The point is, Obama is absolutely right. While Muslim extremists are the most lethal group the world has to deal with at the moment, Christians cannot claim the high road at the moment. Of course, if they were following the tenets of their own religion, they shouldn’t anyway. There is never an excuse for any action that denies people their rights, whether its the right to life or the right to free will.

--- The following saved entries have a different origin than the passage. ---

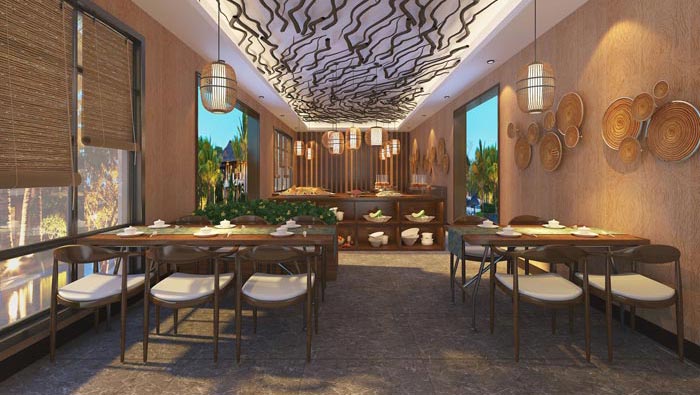 餐廳的設計:當顧客進入酒店之后,首先迫切希望的一定是飽餐一頓,這也是人最初的需求,設計師在餐廳的設計中,將餐廳的位置定于酒店的中央,也就是滿園花色的正中央,讓顧客在進餐的時候,可以隨時隨刻欣賞到美麗的景色,秀色可餐也不過如此呀。
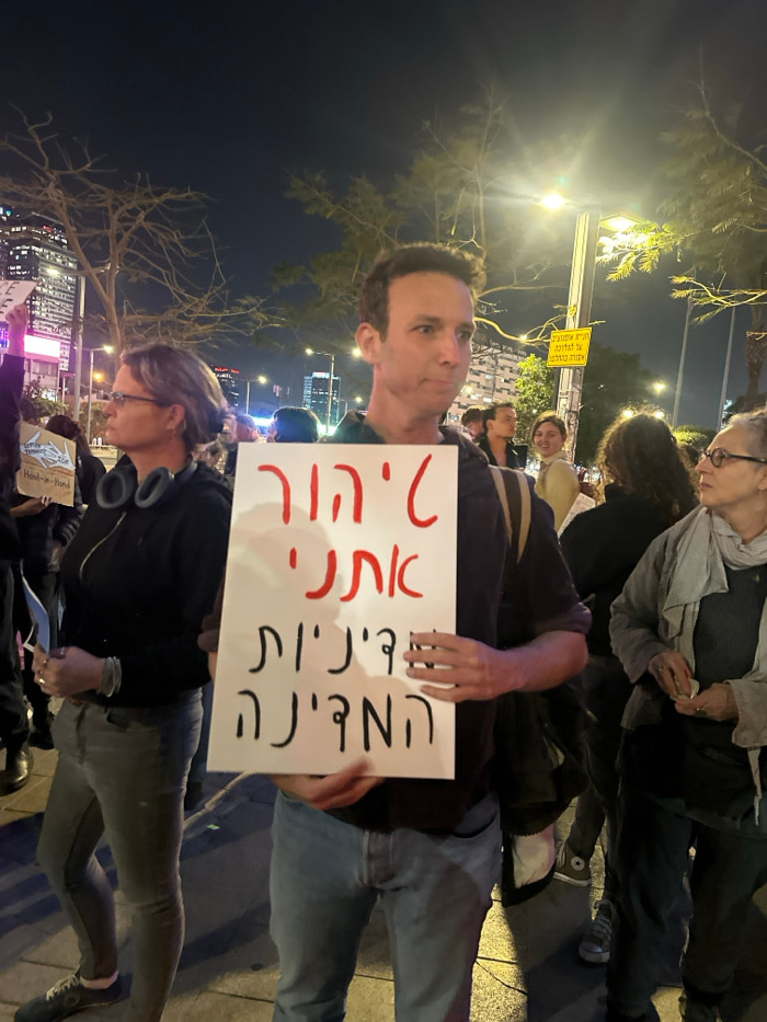 The image captures a nighttime scene of a public gathering or protest, oriented vertically with people appearing to stand sideways in the frame. In the immediate foreground, a man with short, dark hai…read more
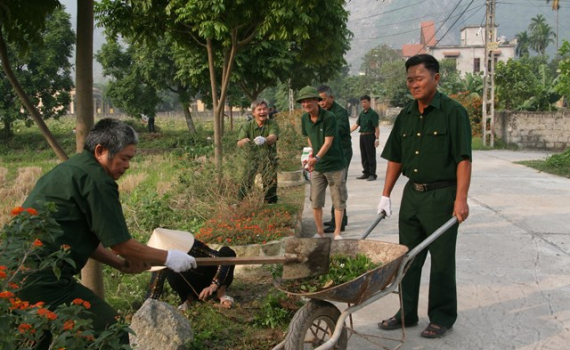 Hội viên Cựu chiến binh thôn Do Lễ, xã Liên Sơn huyện Kim Bảng tham gia chăm sóc đường hoa, cây xanh. Ảnh: Kiều Loan.
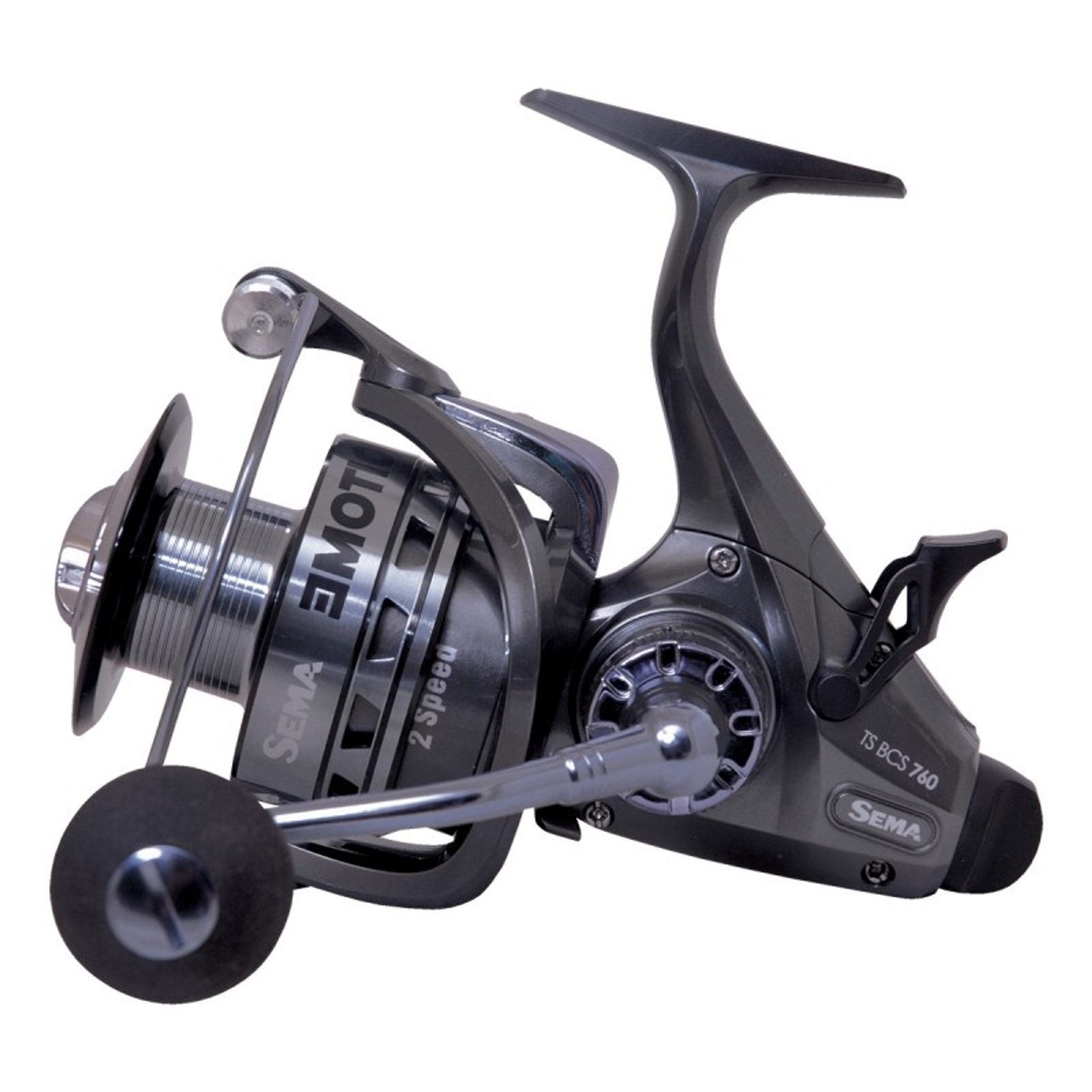 Dvourychlostní naviják s únikovou brzdou. Rychlejší převod lze použít na stahování při zavážení nebo dlouhých odhozech. Pomalejší a tím i silnější převod lze použít při zdolávání ryby.
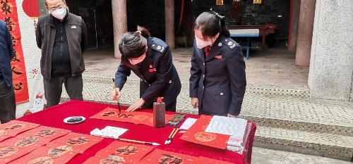 稅務(wù)春聯(lián)到萬(wàn)家”送揮春活動(dòng),組織稅務(wù)部門書法愛好者深入“廣東省革命老區(qū)”——荷塘鎮(zhèn)南村村,送上稅務(wù)人的濃濃新春祝福。
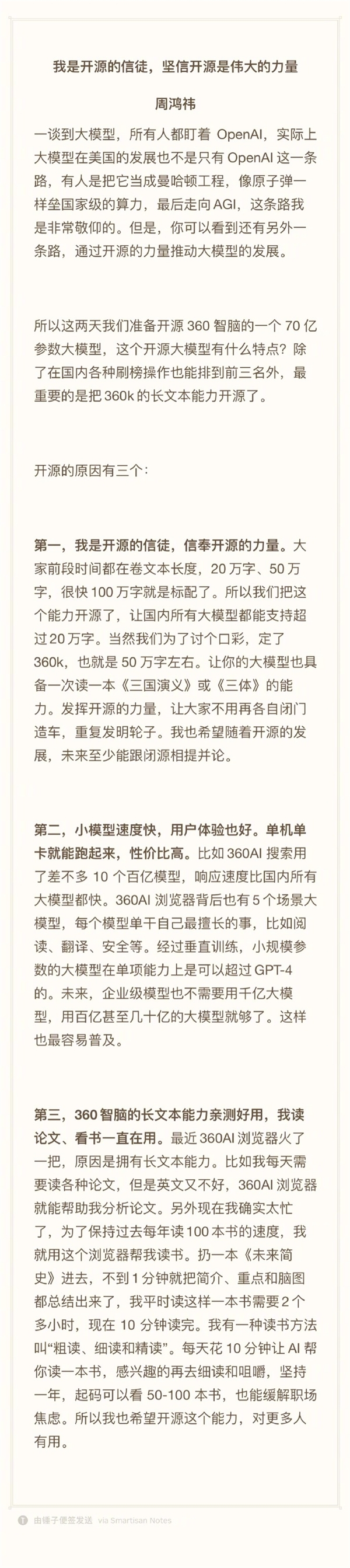 同时,他还宣布即将开源360智脑7B(70亿参数模型),支持360k(50万字)长文本输入。
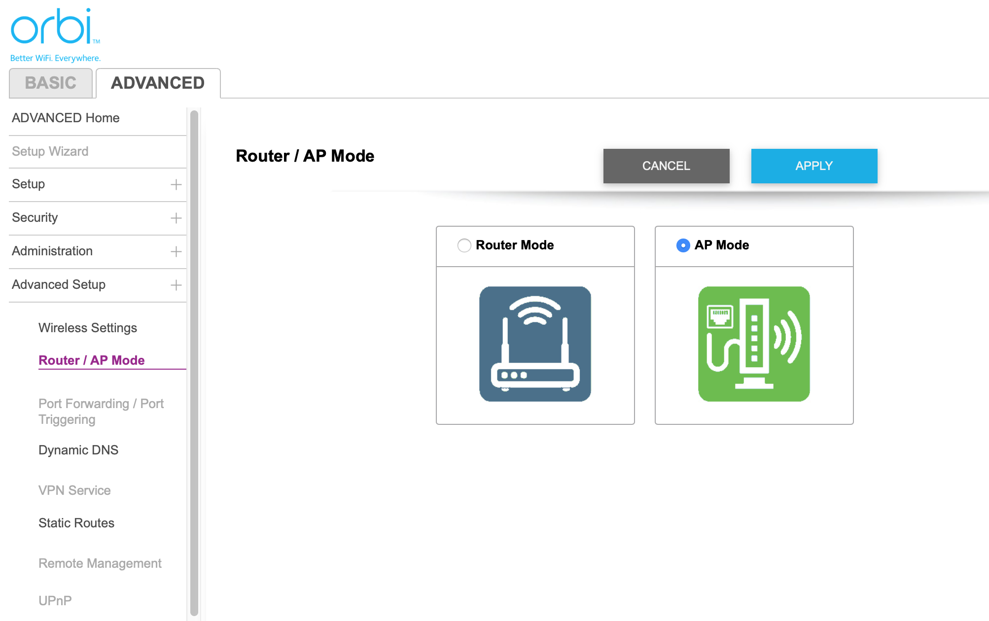 Put the Orbi in AP mode
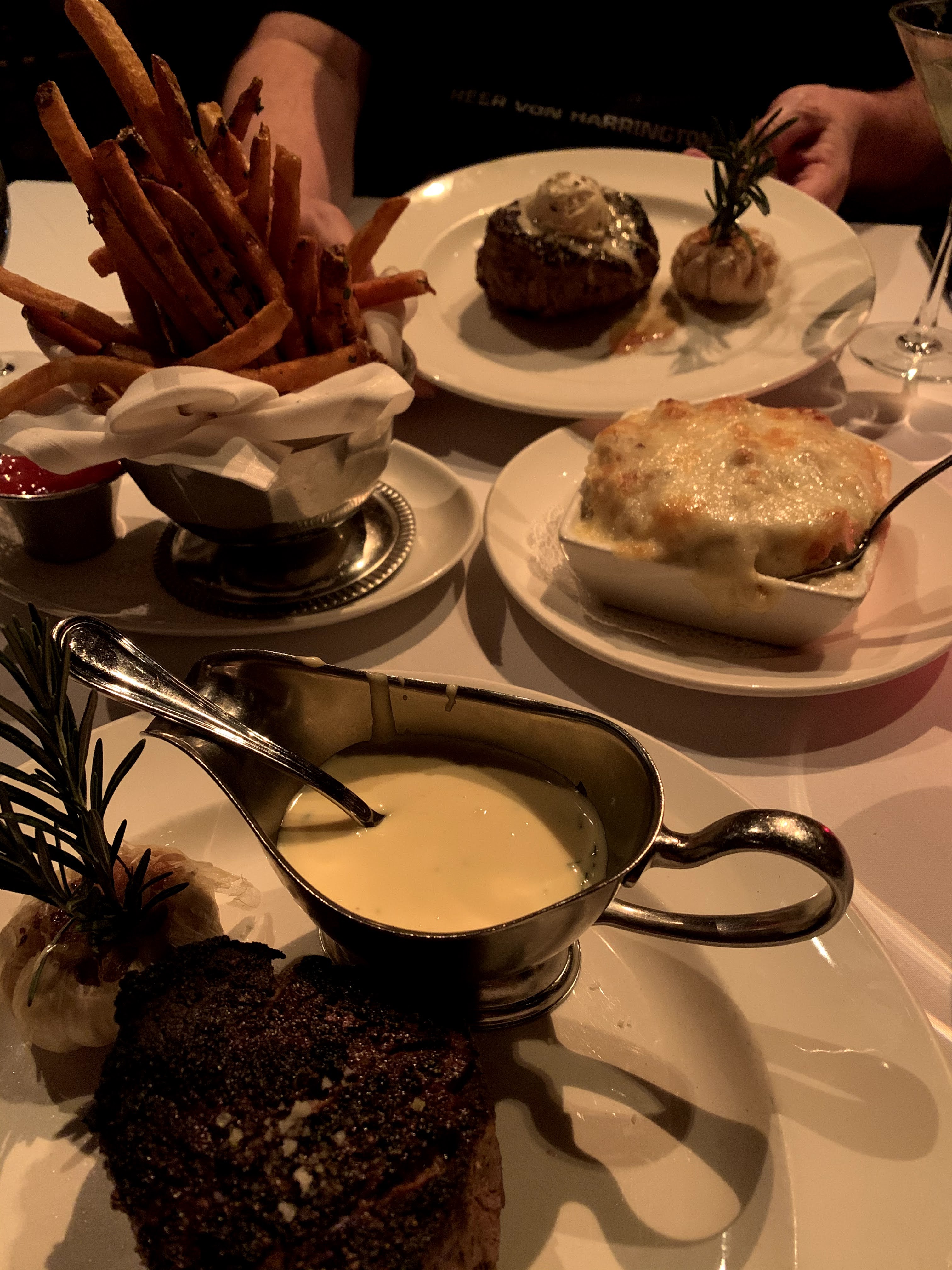 We were not hungry enough to warrant appetizers, not that that has stopped us before, but there was nothing really calling us on the appetizer menu so on we went to entrees. I ordered the filet with Béarnaise and the famous Strip House Potatoes as my side. Michael ordered the filet as well, but with truffle butter and herbed French fries as his side. The bread service was pretzel bread, which was AMAZING!! That’s also part of the reason we didn’t order any appetizers I think.
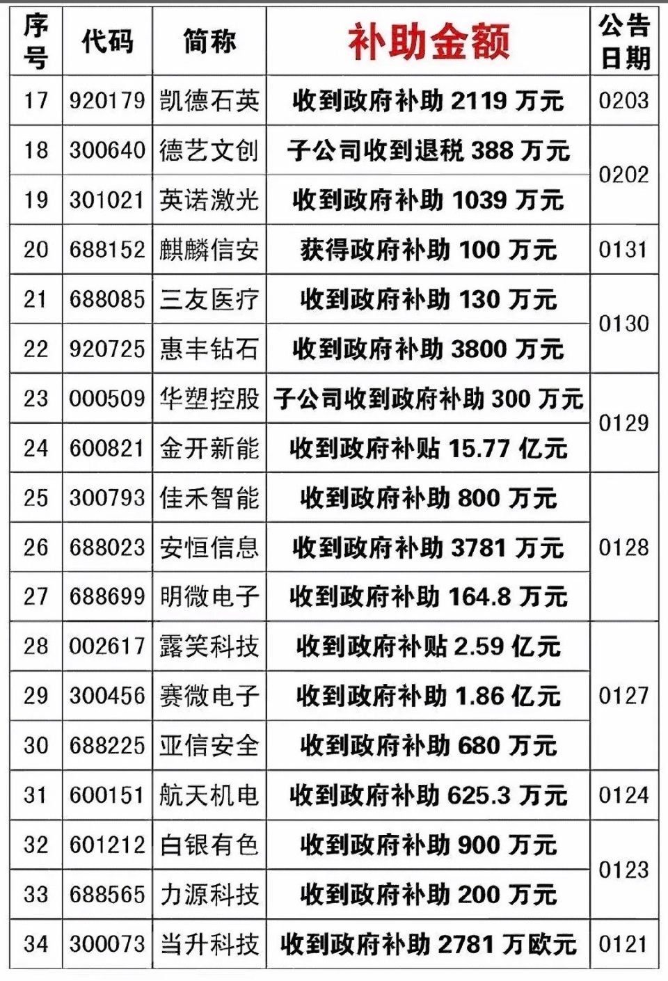 近期多家公司获得政府补助,数额相当可观。6月29日,三安光电发布公告,其全资子公司湖南三安收到2024年度科技研发专项扶持资金2亿,4月1日至6月28日,公司及子公司还收到未达披露标准的补助约1438.62万元,2024年第二季度递延收益分期摊销转入其他收益预计1.5亿,三项合计约3.64亿,占最近一期净利润的99.41%。6月28日晚,深天马A公告收到研发经费补助资金2.08亿。另外,3月31日晚,三棵树收到7291.82万补助,占最近一期净利润的42.02%;海螺新材子公司收到211.12万补助。政府补助能助力企业发展,这些公司有望借此更上一层楼。

Besides, Jim Crow really isn’t over. When you look at the shootings in Ferguson, the choking in Staten Island and what happened with Trayvon Martin, pay closer attention and you’ll hear the same racist rhetoric that was considered “normal” in the last century. If you really examine the rhetoric, you’ll find that it’s based on the concept that white Protestant Christians are superior to everyone, especially African-Americans. In what way does their rhetoric differ from the rhetoric of groups like ISIS? It doesn’t.
And frankly, we, a supposedly “Christian” nation, bombed the hell out of a majority Muslim nation based on a series of lies about 12 years ago. Though Bush at the time asserted that it wasn’t a war against Islam, most of the rhetoric coming from his staunchest supporters belied that. The anti-Muslim bigotry coming from the right side of the debate used and continues to use the same rhetorical style as ISIS and other Muslim extremist groups. The only reason they don’t commit the same sort of terrorist acts these days is because times have changed and they can no longer get away with them.
In short, there is less difference between Christian extremists and Muslim extremists than the Christian extremists would like everyone to think. Listen more closely to the rhetoric and the actions, and you’ll see a disturbing level of sameness.